François-Joseph Fétis (troisième partie)


Troisième partie de la biographie de



Bibliographie universelle des musiciens et bibliographie générale de la musique, par F.J.Fétis, deuxième édition, Librairie de Firmin Didot Frères, Fils et Cie, Tome 3, 1869, pages 226-239.

 
Persuadé que le moment était venu pour lui de prendre une position à Paris, Fétis quitta Douai pour s'y rendre, dans l'été de 1818. Il y publia dans la même année des fantaisies, des préludes, des sonates de piano, et y reprit ses travaux sur la littérature, la théorie et l'histoire de la musique. Pendant les années suivantes il écrivit pour le théâtre plusieurs opéras sérieux et comiques dont quelques-uns ont obtenu du succès, mais qui n'ont pas satisfait leur auteur; les autres n'ont pas été représentés. En 1821 il fut nommé professeur de composition au Conservatoire de Paris, en remplacement d'Eler, décédé depuis peu. Huit mois après son entrée en fonctions, ses élèves ayant été examinés par le comité d'enseignement, où siégeaient Paër, Lesueur, Berton, Reicha et Boieldieu. Cherubini, président de ce comité, adressa ces paroles au professeur : « Monsieur, c'est avec beaucoup d'intérêt que le comité a passé l'examen de votre classe, et qu'il a trouvé chez vos élèves l'art de faire chanter les parties d'une manière élégante et naturelle; art difficile, si bien connu des anciens maîtres, et qui se perd aujourd'hui; c'est avec une vive satisfaction que nous voyons que vous travaillez à le faire revivre.»

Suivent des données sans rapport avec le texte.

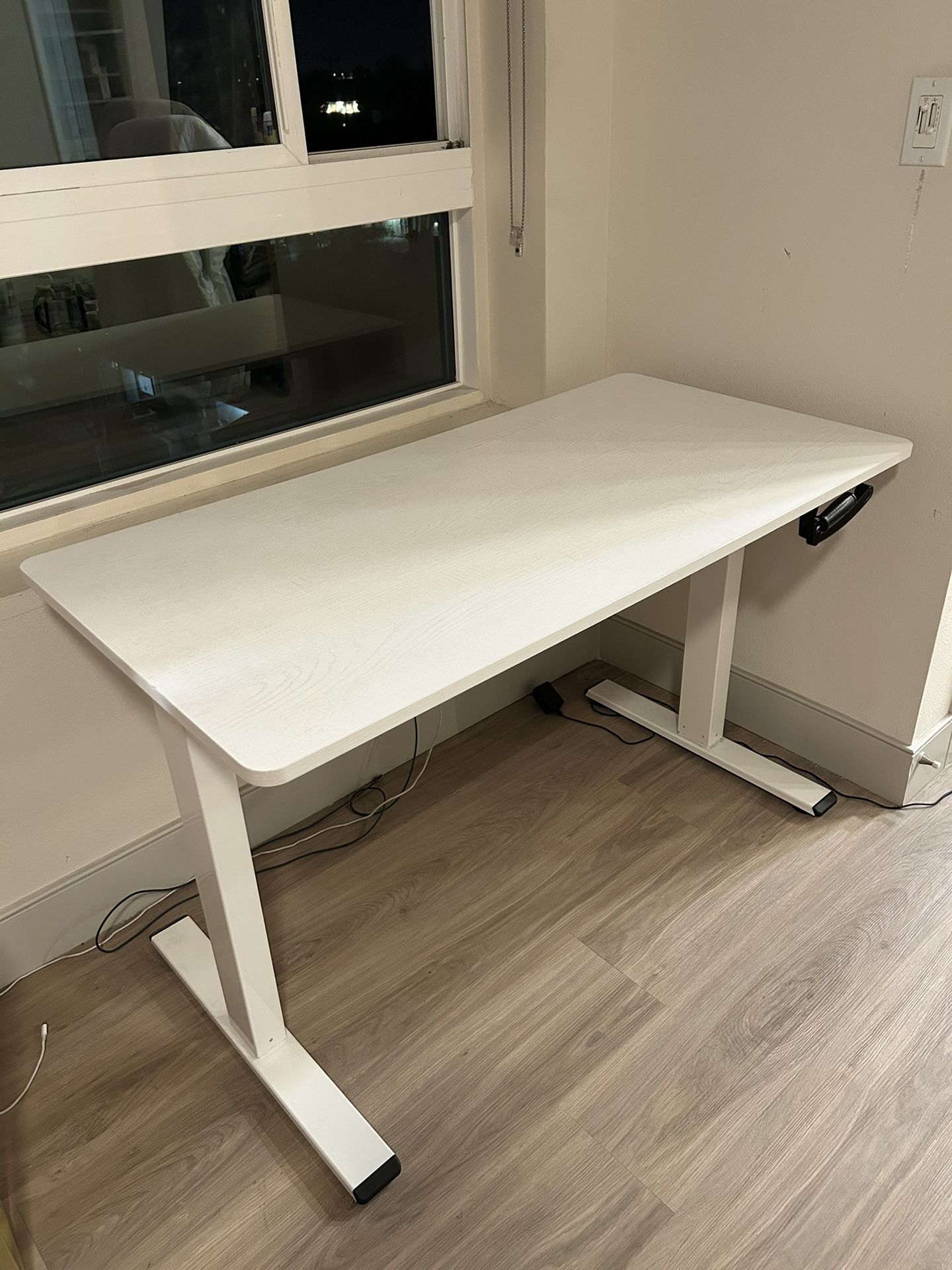 White manual standing adjustable desk with or without office chair. Small scratch on top of desk as pictured. No issue with function. Can throw in office chair if needed. Selling for best offer.
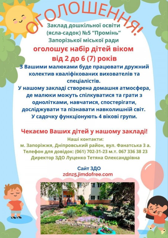 Дружній нам дитячий садок набирає дітейЦентр допомоги Кам'янсько-Дніпровської…

Quelques années après, le grand maître qui avait prononcé ces paroles flatteuses s'est exprimé d'une manière plus explicite encore, dans le rapport qu'il a fait à l'Académie des beaux-arts sur le Traité du contrepoint et de le fugue, écrit par Fétis, pour l'usage du Conservatoire, car il l'a déclaré le seul ouvrage de ce genre où les règles de ces compositions scientifiques, particulièrement celles de la fugue, sont exposées avec méthode et clarté.

Ce livre, dont presque tous les exemples ont été écrits par Fétis, lui ont coûté de longues méditations, parce qu'il avait reconnu la nécessité de prendre la tonalité pour base de la mélodie, origine réelle du contrepoint, comme il l'avait prise précédemment pour l'harmonie et la modulation. Or, l'analyse des faits de la succession mélodique des sons, en ce qui concerne la totalité et les combinaisons de plusieurs parties chantantes, est fort difficile. De là l'absence de toute critique pure dans tous les traités de composition qui ont été publiés depuis plus de deux cents ans, et la forme empirique adoptée par tous les auteurs de ces ouvrages. En s'imposant l'obligation de faire connaître la raison des règles, Fétis s'était entouré d'immenses difficultés.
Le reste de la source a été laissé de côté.